▶ _What you have to do_:
Retype only the lines below from the one with "海量线稿:古风人物、可爱漫画等应有尽有,找出你喜欢的主题进行涂色" to the one with "При отсутствии напряжения", inclusive, skipping every image.

▶ _Input records_:
== == ==

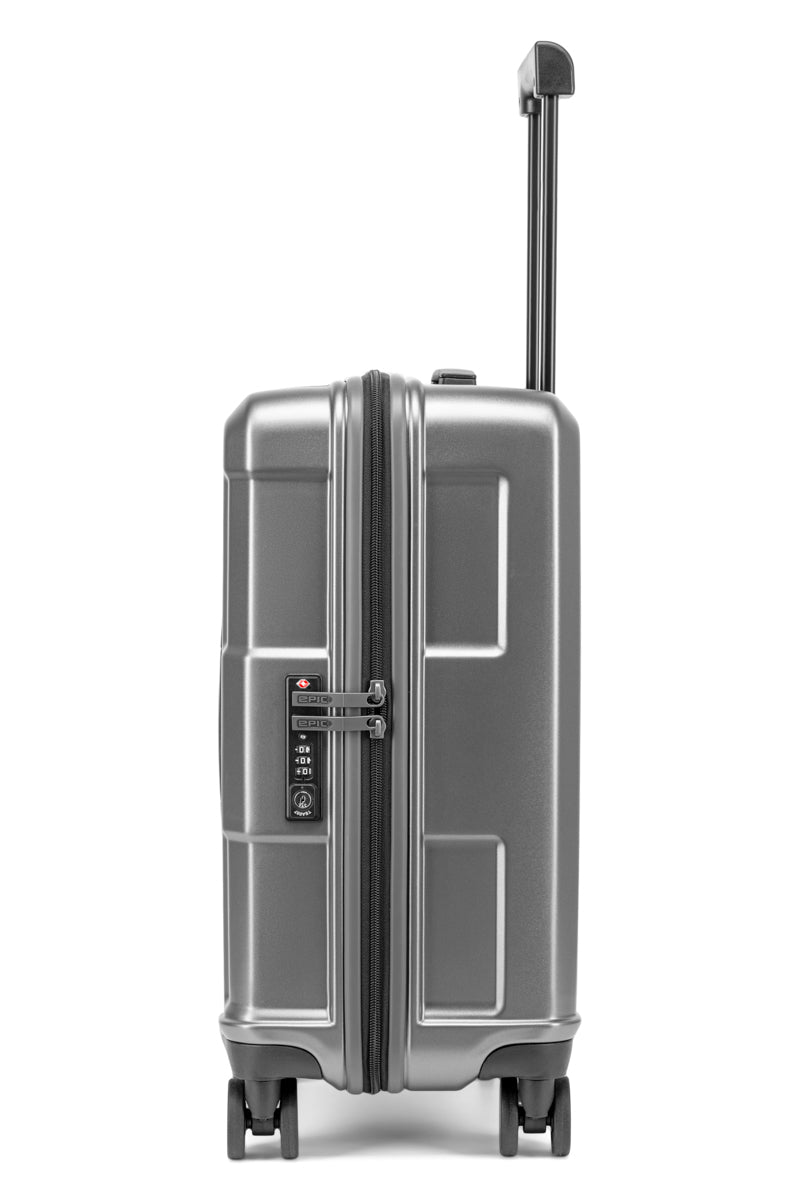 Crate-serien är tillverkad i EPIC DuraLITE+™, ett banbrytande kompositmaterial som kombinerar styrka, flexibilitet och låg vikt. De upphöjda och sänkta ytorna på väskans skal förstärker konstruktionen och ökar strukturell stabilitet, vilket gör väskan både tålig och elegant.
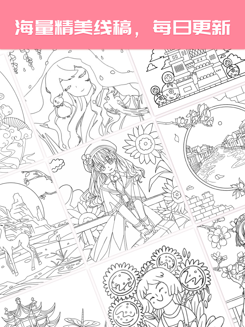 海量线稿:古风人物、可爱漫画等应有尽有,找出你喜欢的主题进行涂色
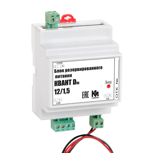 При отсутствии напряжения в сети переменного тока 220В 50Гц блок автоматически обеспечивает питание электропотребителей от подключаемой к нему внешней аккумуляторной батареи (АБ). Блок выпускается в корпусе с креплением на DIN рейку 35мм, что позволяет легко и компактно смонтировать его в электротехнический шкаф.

== == ==

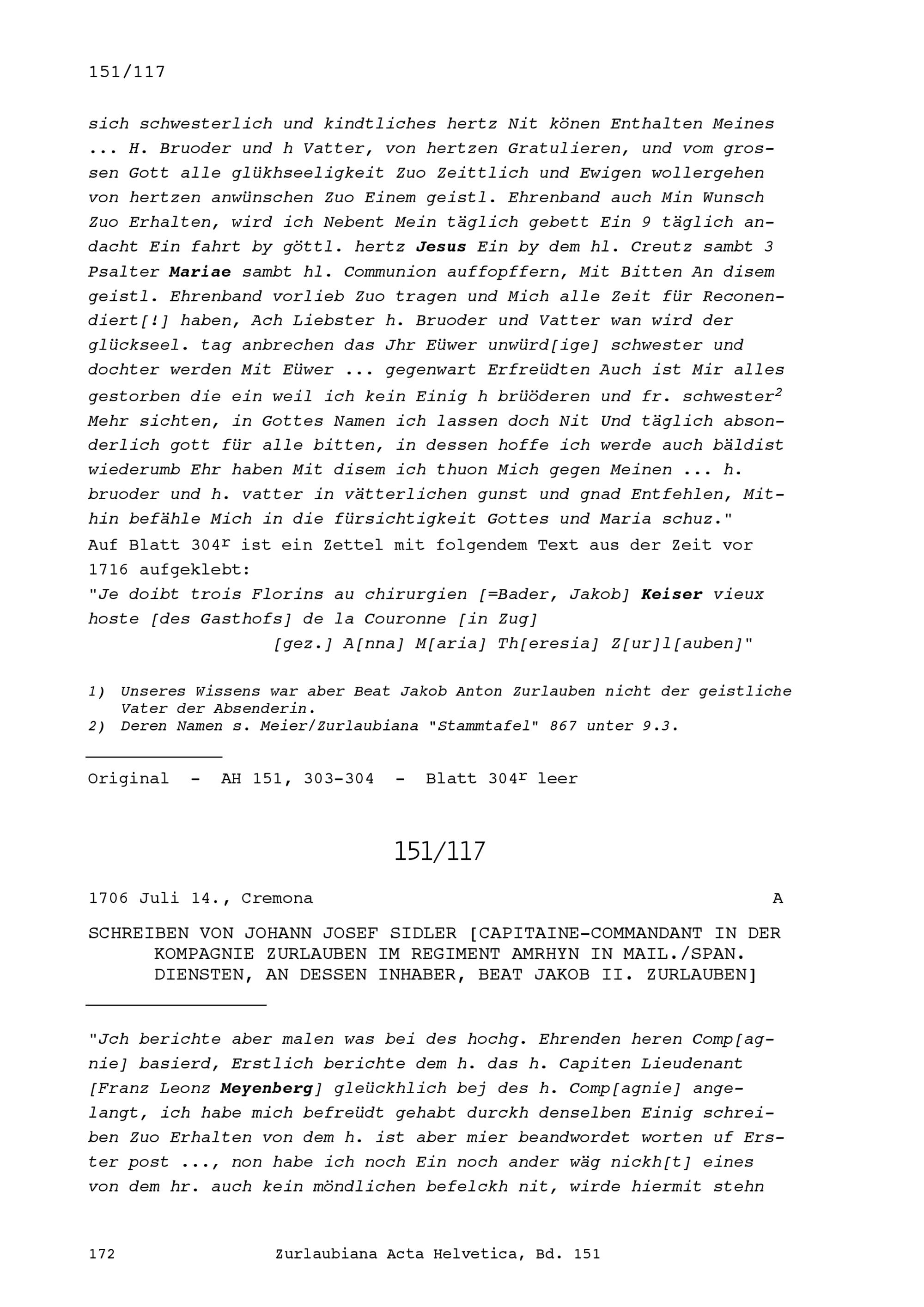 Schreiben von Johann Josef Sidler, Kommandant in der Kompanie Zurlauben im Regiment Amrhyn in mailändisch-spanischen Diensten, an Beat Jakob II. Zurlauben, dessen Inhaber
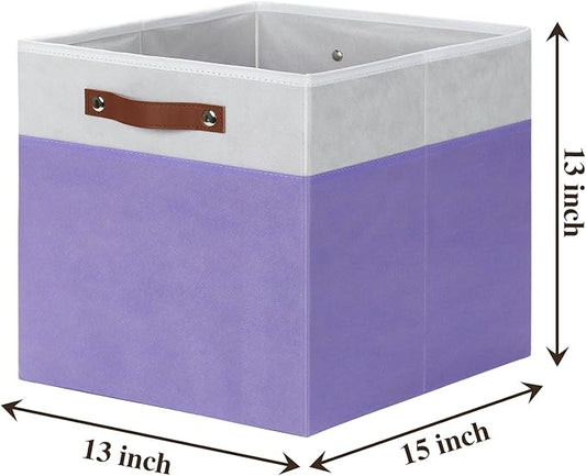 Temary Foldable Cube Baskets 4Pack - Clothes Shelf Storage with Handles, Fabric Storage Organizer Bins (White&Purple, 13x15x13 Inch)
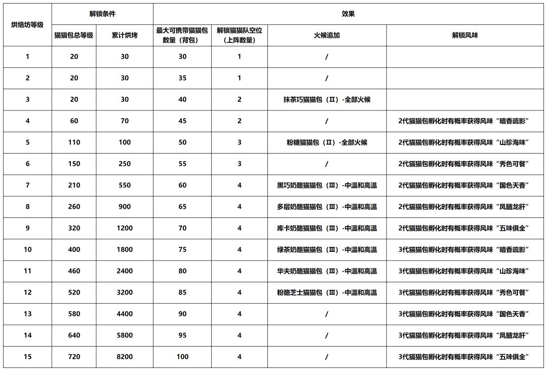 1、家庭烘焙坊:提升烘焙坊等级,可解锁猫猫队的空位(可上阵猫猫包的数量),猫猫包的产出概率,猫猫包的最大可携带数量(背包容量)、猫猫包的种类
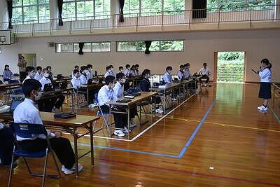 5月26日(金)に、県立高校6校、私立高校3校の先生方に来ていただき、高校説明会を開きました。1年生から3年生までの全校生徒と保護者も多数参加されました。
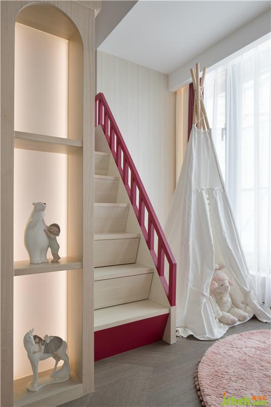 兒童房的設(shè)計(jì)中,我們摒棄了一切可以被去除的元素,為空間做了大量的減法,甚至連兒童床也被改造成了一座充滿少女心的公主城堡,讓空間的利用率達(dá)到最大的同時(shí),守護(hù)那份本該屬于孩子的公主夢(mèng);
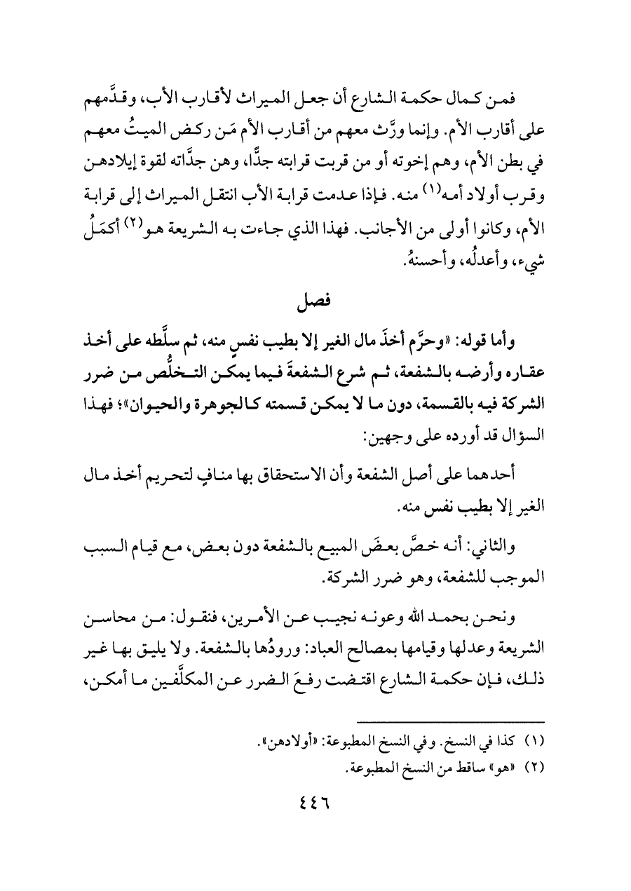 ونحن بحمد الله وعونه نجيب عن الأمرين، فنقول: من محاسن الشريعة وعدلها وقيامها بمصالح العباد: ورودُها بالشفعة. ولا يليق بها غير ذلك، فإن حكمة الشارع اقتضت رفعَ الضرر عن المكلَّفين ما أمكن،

== == ==

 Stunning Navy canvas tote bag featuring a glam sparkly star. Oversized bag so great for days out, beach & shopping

== == ==

▶ _Result_:
 海量线稿:古风人物、可爱漫画等应有尽有,找出你喜欢的主题进行涂色
 При отсутствии напряжения в сети переменного тока 220В 50Гц блок автоматически обеспечивает питание электропотребителей от подключаемой к нему внешней аккумуляторной батареи (АБ). Блок выпускается в корпусе с креплением на DIN рейку 35мм, что позволяет легко и компактно смонтировать его в электротехнический шкаф.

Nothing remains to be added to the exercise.